Bankers Criticize Plan to Curb Realty Loans
Stung by the implication that they are incapable of safe lending, bankers took issue with a proposal in Congress to reimpose old-time loan-to-value standards for real estate lending.
The proposal to overturn the 1982 deregulation of real estate lending was attached to the Senate banking bill by Sen. Timothy E. Wirth, D-Colo.
It could result in a ban on loans for projects in excess of 80% of value and could impose standards as low as 60% for some loans.
Bankers argue that such restrictions are out of step with a volatile real estate market and point the finger of blame in the wrong direction.
"Value is a moving target," said William S. Fruit, executive vice president of Signet Bank-Virginia, one of several bankers to argue that imposing an 80% loan-to-value standard on real estate deals would be irrelevant to today's problem.
Mr.

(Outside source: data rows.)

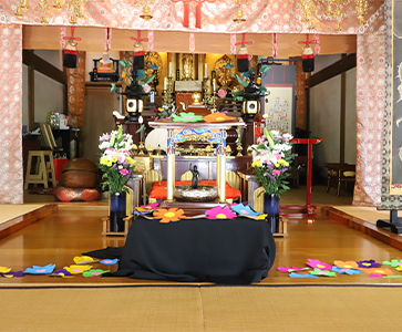 その系譜を継いで昭和31年10月に大聖寺本堂を保育室とした幼児教育施設が誕生し昭和53年9月には学校法人恵光学園が運営する群馬県認可を受けた大聖寺幼稚園となりました。平成10年4月には木造部分を増改築し、原神社隣接の原幼稚園と合併し「ポケット幼稚園」と名称変更して現在に至っています。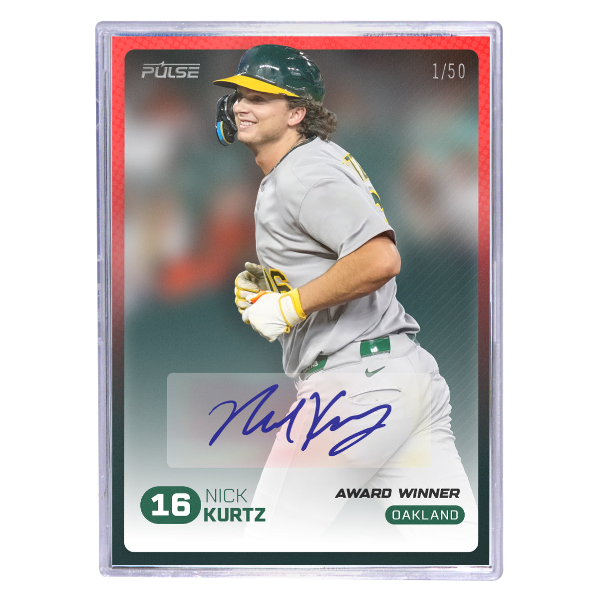 Commemorate Nick Kurtz being the 2025 AL Rookie of the Year with this exclusive 2025 Pulse On Demand Nick Kurtz Award Winner Card.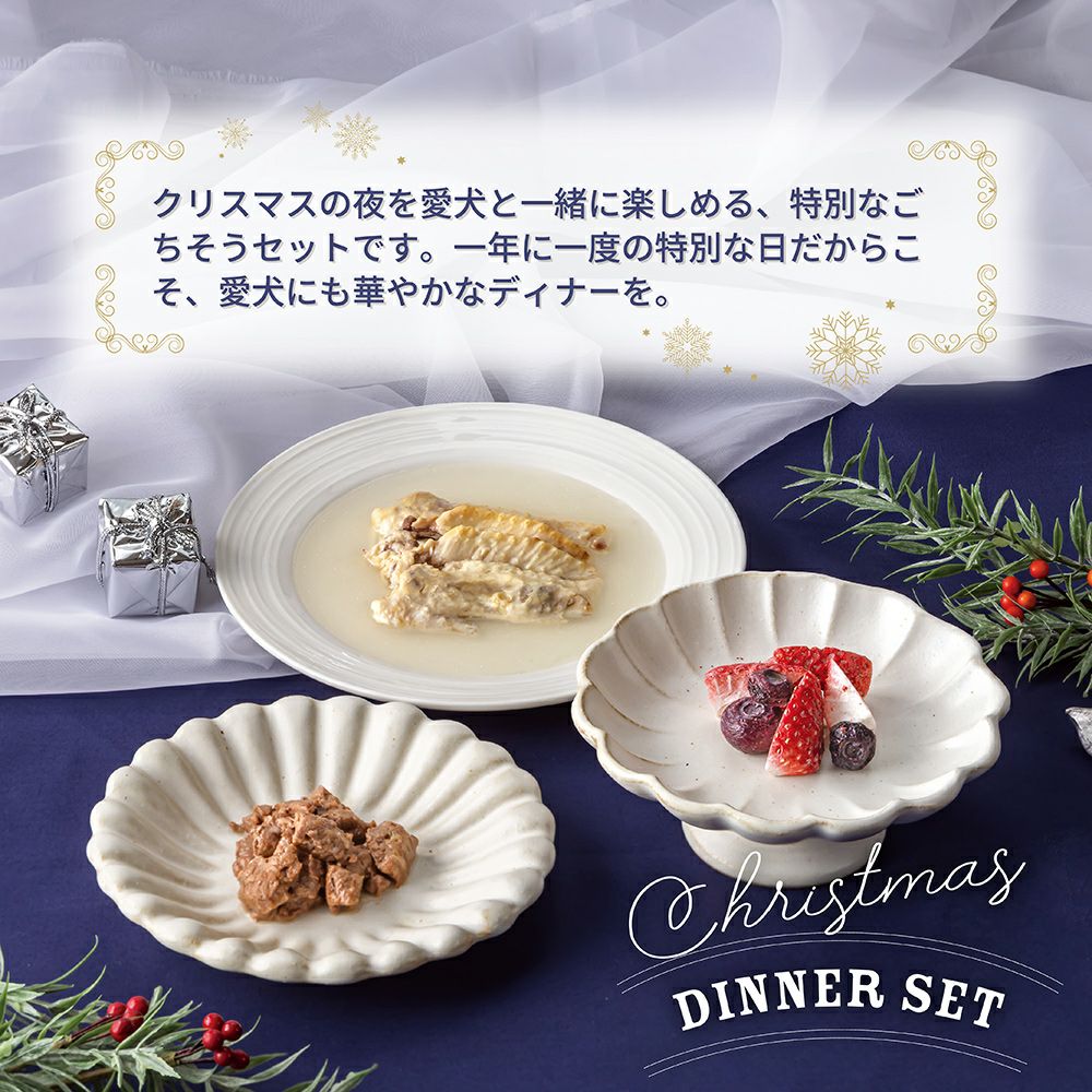 他の画像を見る 期間限定 ドットわんクリスマス2025 ディナーセット ¥ 2,090 税込 販売期間 2025/11/01 10:00 〜 カートに入れる お気に入りに登録する (0) クリスマスの夜を、一緒に楽しめる愛犬のための特別なごちそうセット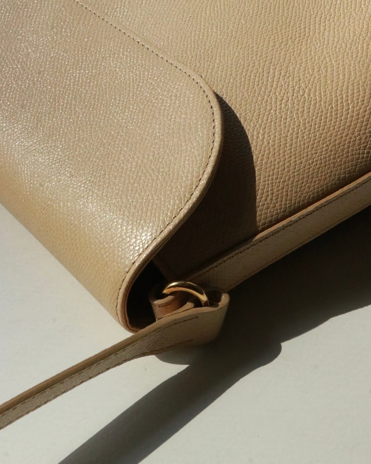 春になると人気の高まるベージュカラーのバッグはイヴ・サンローランのもの。

Fruit laid much of the slide in real estate on unexpected weakness in the economy. He said that what is needed, if anything, is a "better crystal ball."
Proponents of the Wirth provision, including some key senators and the chairman of the Federal Deposit Insurance Corp., L. William Seidman, say the loans giving banks trouble now would never have been made under the old standards. But bankers disputed that.
"We can look at these loans in hindsight and say they were 100% loan to value," said Robert J. Eisenberg, president of Broadwater Financial Inc., a bank consulting firm in Boston. But "the same loans in 1986 to 1988 were [judged by regulators to be] successfully collateralized. It was only when the markets started to soften" that the loans appeared to violate the old standards.
"The banks were making a lot of their loans based upon what appraisals said," agreed Kevin J. McCullagh, senior vice president of Mellon Bank Corp. He said banks were the victim of "a bull market for real estate" in which wildly optimistic assumptions prevailed.
The trick, the bankers said, is to look at economic trends, market data, and other criteria in addition to appraised value. "Bankers such as myself are wrestling with it on a daily basis," siad Mr. Fruit.
Mr. Eisenberg asserted that regulators "cut the legs out from under" the industry by tightening credit in response to a softening market. The correct response, he said, would be to pump liquidity into real estate, just as the regulators pumped liquidity into the stock market in response to the crash of 1987.
Some bankers concede a need for Mr. Wirth's restrictions down the road, if not today. Ralph M. Carestio, executive vice president of KeyCorp said he agreed that loan-to-value relationships "got out of whack" in the 1980s. Although reimposing the standards is a "non-event" in today's comatose lending market, it may eventually pay off, he said.
"In five to seven to eight years, there'll be a real estate market again," he said, and restraints on overoptimistic lending will be needed.